Data holders can also use the broker — for example, for a pipeline that cleans collection data and writes it back into a new import file. This continuously improves data quality without manual steps, unmaintainable scripts, or dependency on system vendors.

Towards European Data Spaces

The National Digital Heritage Strategy 2025–2028 states that the Netherlands intends to build a data space for cultural heritage. Page 10 links this to the European ambition for a common European data space for cultural heritage.

Within that European model, the broker is also essential. Europe calls this role a Data Intermediary or Federated Broker, but the function is the same: someone must process data and determine who may access what, and why. And that cannot be organized project by project.

Brokers check, using the rules set by data holders, which consumers may view which data. Because although cultural heritage data is relatively open, we still face significant constraints.

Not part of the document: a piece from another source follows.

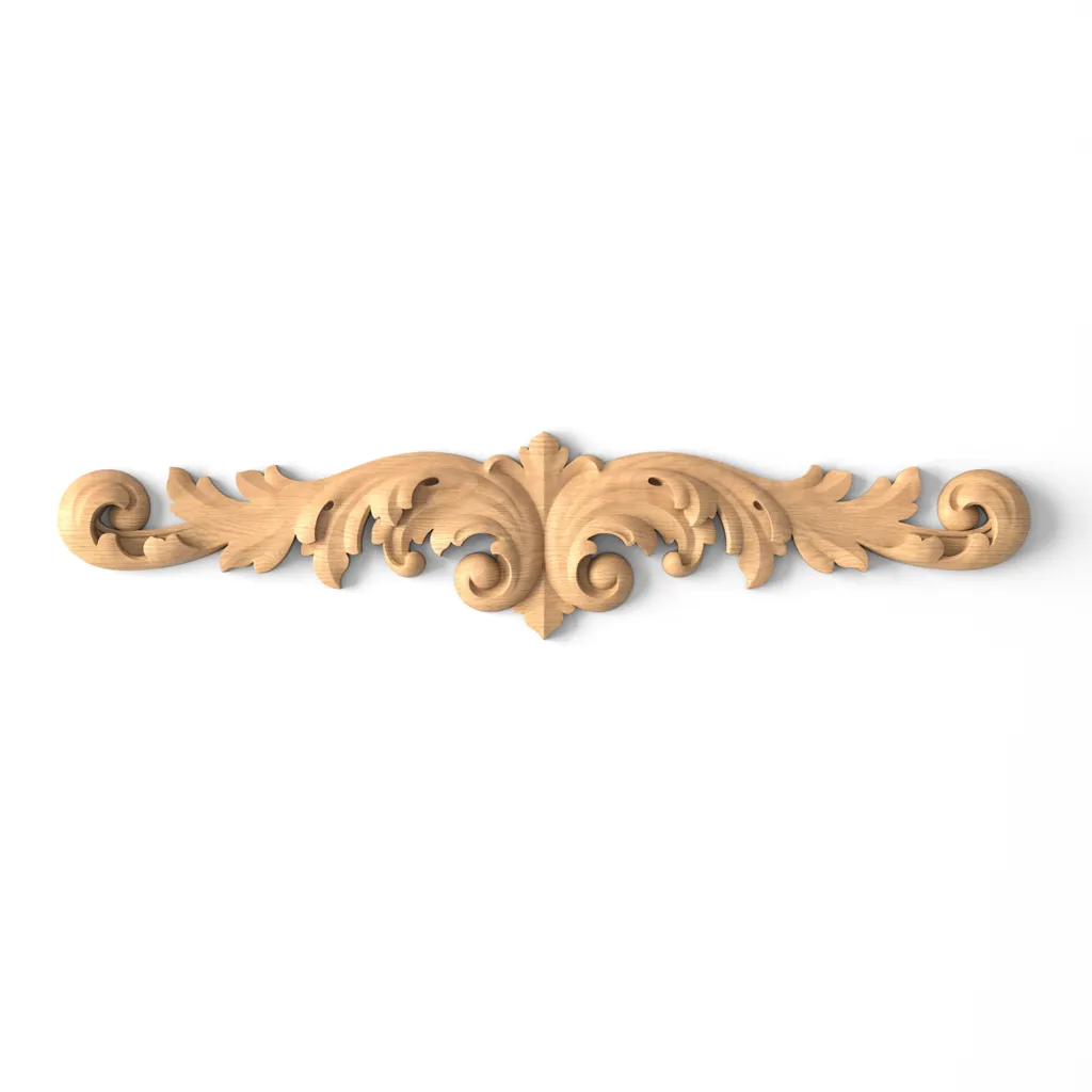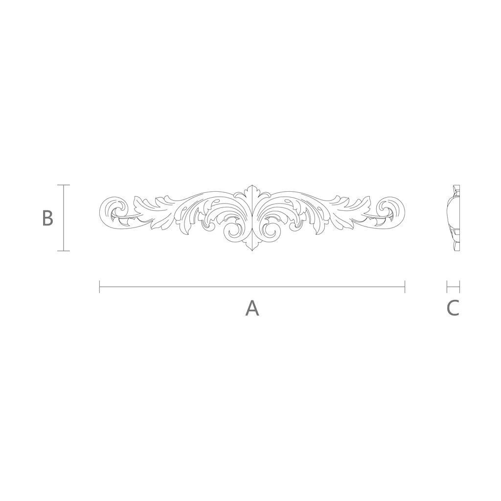 Carved wooden inlay N-032 is a decorative elementused to decorate various surfaces, such as furniture, doors, walls, or ceilings. It is made from oak or beech, which are strong, durable, and beautiful wood species. Wood carving is an artistic technique that requires talent, experience, and creativity. Each wooden inlay N-032 is a unique item with its own style and character.
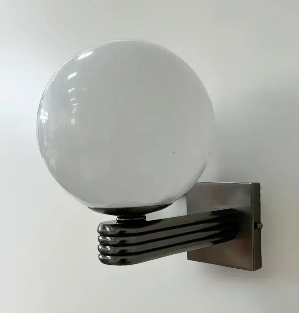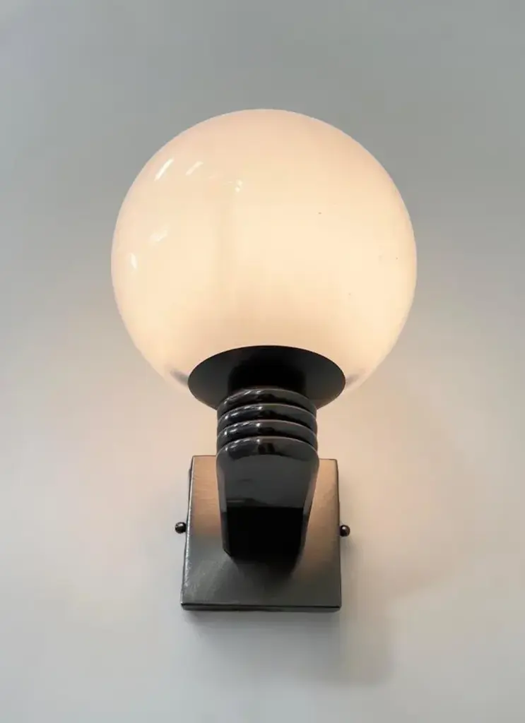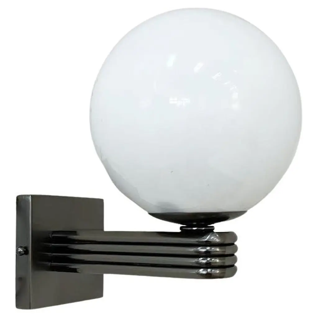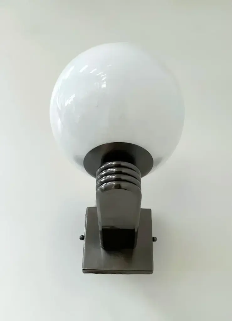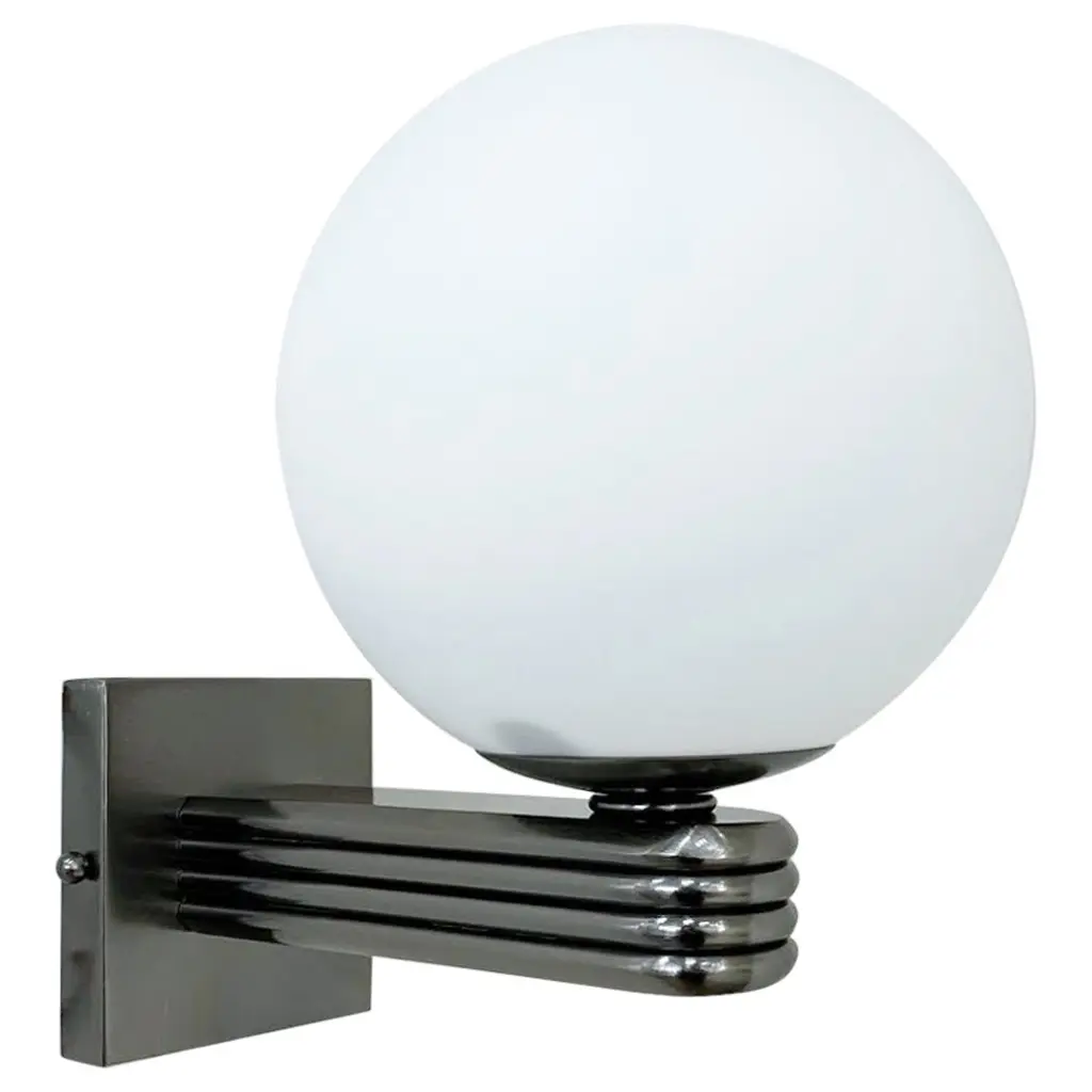 Italian Art Deco style wall light with Glossy White Murano glass globe mounted on Satin Black Nickel finish frame, designed by Fabio Bergomi for Fabio Ltd, made in Italy 1 light / E12 or E14 type / max 40W

A broker must, for example:

  • guarantee that no GDPR-sensitive data appears in processed datasets (legal constraints),
  • ensure no objects containing human remains appear on the platform (ethical constraints),
  • filter out malicious or manipulative third-party enrichments that could damage international relations (content constraints).

These were all challenges we encountered in the datahub.

Implementing such processes cannot rely on temporary project funding and does not belong with the data holder. It is specialized work — the work of the broker.

The Broker as the Bass That Holds the Jazz Together

The broker is not spectacular. He doesn’t shine. He doesn’t appear on homepages and rarely receives applause. But he protects continuity. He keeps enrichments together. He ensures that data published today remains meaningful tomorrow. He prevents us from having to start over each time, prevents data holders from chasing every trend, and prevents service providers from building their own mini-infrastructures.

But his work is so steady that we collectively forget that the bassist is the one carrying us. In the Van Data naar Dienst report, the broker is not mentioned once. And I experienced the same dynamic in the datahub: I overlooked the role precisely when I needed it most.

I think that is the key insight:

A data space only emerges when the broker receives his proper place. Not hidden within a service platform. Not reinvented with each grant. Not placed on the plate of the data holder. But exactly where he belongs: between the presentation layer and the source data.

It is a structural layer described in the DERA, and one that the National Strategy needs to fulfill European ambitions.

A service provider is transient.

A data holder is durable.

The broker is stable: connecting, stabilizing, anchoring.